- **Record set**

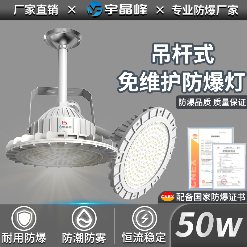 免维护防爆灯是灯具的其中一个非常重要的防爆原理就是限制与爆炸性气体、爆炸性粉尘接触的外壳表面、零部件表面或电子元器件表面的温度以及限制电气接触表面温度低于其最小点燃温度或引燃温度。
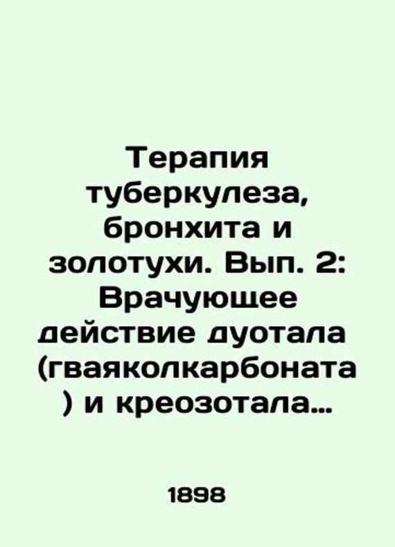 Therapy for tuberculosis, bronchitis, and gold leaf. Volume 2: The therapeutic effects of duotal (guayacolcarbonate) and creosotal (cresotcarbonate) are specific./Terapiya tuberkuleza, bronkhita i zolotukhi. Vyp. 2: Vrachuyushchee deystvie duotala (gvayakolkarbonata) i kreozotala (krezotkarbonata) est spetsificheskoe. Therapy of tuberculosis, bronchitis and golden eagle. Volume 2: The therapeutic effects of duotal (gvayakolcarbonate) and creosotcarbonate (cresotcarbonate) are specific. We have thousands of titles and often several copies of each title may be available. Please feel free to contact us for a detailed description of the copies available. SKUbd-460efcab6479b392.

---

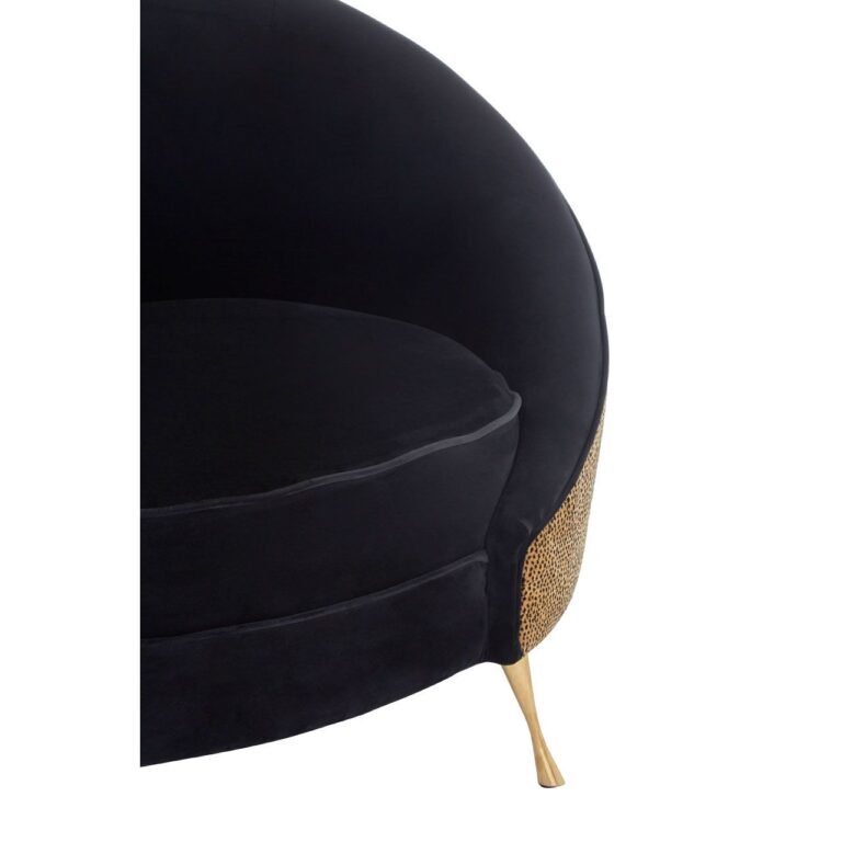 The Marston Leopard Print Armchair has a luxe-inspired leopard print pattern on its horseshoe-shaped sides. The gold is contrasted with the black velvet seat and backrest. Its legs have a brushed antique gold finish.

- **Exercise requirements**
Taking the entries above, copy word for word the lines from the one with "免维护防爆灯是灯具的其中一个" up to and including the one with "Therapy for tuberculosis, bronchitis, and", without any picture.

- **Result**
 免维护防爆灯是灯具的其中一个非常重要的防爆原理就是限制与爆炸性气体、爆炸性粉尘接触的外壳表面、零部件表面或电子元器件表面的温度以及限制电气接触表面温度低于其最小点燃温度或引燃温度。
 Therapy for tuberculosis, bronchitis, and gold leaf. Volume 2: The therapeutic effects of duotal (guayacolcarbonate) and creosotal (cresotcarbonate) are specific./Terapiya tuberkuleza, bronkhita i zolotukhi. Vyp. 2: Vrachuyushchee deystvie duotala (gvayakolkarbonata) i kreozotala (krezotkarbonata) est spetsificheskoe. Therapy of tuberculosis, bronchitis and golden eagle. Volume 2: The therapeutic effects of duotal (gvayakolcarbonate) and creosotcarbonate (cresotcarbonate) are specific. We have thousands of titles and often several copies of each title may be available. Please feel free to contact us for a detailed description of the copies available. SKUbd-460efcab6479b392.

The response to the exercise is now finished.